This is only the start. Technology in health is advancing faster than our ability to pay, or our ability to discuss the philosophy and ethics rationally. Other cancer vaccines will follow this one. The cost of such technically advanced treatments is usually very high – if these are to become “universal”, and nobody is to be excluded, then the low cost high volume treatments and services need to be paid for somehow. The principal NHSreality advocates is overt rationing, usually at the lower cost end, but occasionally at the high cost end of the curve… Open rationing will at least be honest. The more we ration at the high cost end, the more inequitable society becomes… But buying an extra 3 months of palliative care is not attractive to most of us. All of us are getting wealthier (on average) but the differences between us are getting larger.. (The richer are getting richer faster) Social justice demands that we make treatment opportunities as equitable as we possible can afford..
cancer treatment that uses the cold sore virus to vaccinate the body against tumours has been approved by regulators, paving the way for an NHS battle over cost.
The drug is the first to use a genetically engineered virus to stimulate the body’s natural defences and has eliminated tumours completely in some patients.
Many specialists believe that medicines to harness the body’s own immune system will transform treatment, allowing some patients with previously inoperable cancers to be effectively cured.
However, the high cost of such treatments has prompted criticism both of drug companies and the inflexibilities of the NHS drug assessment system, which ministers have pledged to overhaul. Earlier this week another immunotherapy drug, nivolumab, which costs £5,700 a month, was rejected as too expensive for lung cancer patients.

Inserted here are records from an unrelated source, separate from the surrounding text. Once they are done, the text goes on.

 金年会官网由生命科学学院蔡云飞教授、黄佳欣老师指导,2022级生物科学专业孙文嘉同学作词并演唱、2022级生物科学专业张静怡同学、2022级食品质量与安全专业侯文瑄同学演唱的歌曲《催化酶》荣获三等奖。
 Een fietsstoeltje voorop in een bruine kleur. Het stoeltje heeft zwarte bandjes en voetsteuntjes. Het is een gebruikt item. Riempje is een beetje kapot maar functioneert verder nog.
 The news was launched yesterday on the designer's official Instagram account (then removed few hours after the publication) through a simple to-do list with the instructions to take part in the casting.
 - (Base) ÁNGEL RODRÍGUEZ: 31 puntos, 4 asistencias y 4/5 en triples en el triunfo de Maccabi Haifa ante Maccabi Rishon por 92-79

T-VEC, which was approved for routine use in advanced skin cancer yesterday by the European Medicines Agency, is the first such drug to use a virus both to attack cancer directly and to prime the immune system.
“It’s vaccinating people against their own cancers from within,” said Professor Kevin Harrington, of the Institute of Cancer Research in London, who ran the drug trials. The virus is designed to only attack cancer cells, commandeering them to pump out proteins which act as a “red flag” for the immune system.

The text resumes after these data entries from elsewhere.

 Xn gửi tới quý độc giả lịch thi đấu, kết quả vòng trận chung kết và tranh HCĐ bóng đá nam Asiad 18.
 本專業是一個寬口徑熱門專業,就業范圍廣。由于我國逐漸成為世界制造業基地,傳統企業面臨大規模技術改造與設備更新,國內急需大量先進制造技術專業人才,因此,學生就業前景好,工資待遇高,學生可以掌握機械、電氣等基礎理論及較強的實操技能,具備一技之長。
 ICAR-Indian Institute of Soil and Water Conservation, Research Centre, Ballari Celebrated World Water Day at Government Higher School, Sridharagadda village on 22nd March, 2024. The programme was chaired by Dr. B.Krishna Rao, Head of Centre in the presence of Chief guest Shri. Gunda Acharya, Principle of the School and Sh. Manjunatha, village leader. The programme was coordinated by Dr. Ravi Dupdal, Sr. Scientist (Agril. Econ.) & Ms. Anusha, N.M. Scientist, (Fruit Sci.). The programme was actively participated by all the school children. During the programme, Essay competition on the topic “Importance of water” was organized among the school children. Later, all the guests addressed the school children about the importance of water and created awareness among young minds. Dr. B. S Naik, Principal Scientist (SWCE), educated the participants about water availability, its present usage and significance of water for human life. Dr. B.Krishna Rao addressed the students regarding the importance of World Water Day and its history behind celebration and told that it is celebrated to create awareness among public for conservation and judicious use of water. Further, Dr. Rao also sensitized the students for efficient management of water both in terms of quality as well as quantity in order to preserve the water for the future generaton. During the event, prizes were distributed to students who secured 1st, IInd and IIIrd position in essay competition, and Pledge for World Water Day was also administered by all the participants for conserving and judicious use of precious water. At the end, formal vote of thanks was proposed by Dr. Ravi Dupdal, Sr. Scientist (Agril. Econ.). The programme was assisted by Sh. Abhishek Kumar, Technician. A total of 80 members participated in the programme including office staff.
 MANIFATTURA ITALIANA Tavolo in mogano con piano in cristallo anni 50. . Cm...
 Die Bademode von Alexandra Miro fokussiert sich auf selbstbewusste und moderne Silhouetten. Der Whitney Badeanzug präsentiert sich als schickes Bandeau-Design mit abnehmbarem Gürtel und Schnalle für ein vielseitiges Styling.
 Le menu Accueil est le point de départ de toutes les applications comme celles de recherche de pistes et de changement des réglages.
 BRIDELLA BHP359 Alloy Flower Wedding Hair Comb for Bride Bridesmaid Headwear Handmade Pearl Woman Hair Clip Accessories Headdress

A trial reported earlier this year that the drug doubled survival of patients with advanced skin cancer to 41 months on average. For 10 per cent of patients, tumours vanished entirely and were still gone three years later. The drug also has relatively few side effects.
More than 13,000 people a year in Britain develop melanoma, the most aggressive form of skin cancer, and more than 2,000 die.
Doctors hope that by combining T-VEC with other immunotherapy drugs, more patients will make recoveries. At the world’s largest cancer conference early his year, experts marvelled at the “spectacular” success of a series of immunotherapy trials for cancers of the lung, skin, kidney liver and head.
Professor Harrington said: “I’m really excited by the endorsement by the European Medicines Agency. It is an important first step that paves the way for T-VEC being made available for patients with metastatic melanoma — a cancer that has largely been regarded as untreatable for the majority of patients. The National Institute for Health and Care Excellence has already started evaluating the treatment, and I hope there are no delays in making it available to patients on the NHS.”
Nice is due to make a decision by July next year. Amgen, which manufactures T-VEC, also known as Imlygic, said that a price had not been set, but suggested a discount would be available for the NHS.
“There’s a belief that we can partner Nice and the NHS to make this medicine available to patients who need it,” a spokesman said.
The Institute of Cancer Research urged the company to be realistic about what the NHS would pay when setting a price.
The licensing approval means that the drug can be prescribed privately.
Sean Harper, the executive vice-president of Amgen, said the approval “is an important milestone for this new class of drugs, bringing patients with a rare and deadly form of skin cancer a much needed new treatment option.”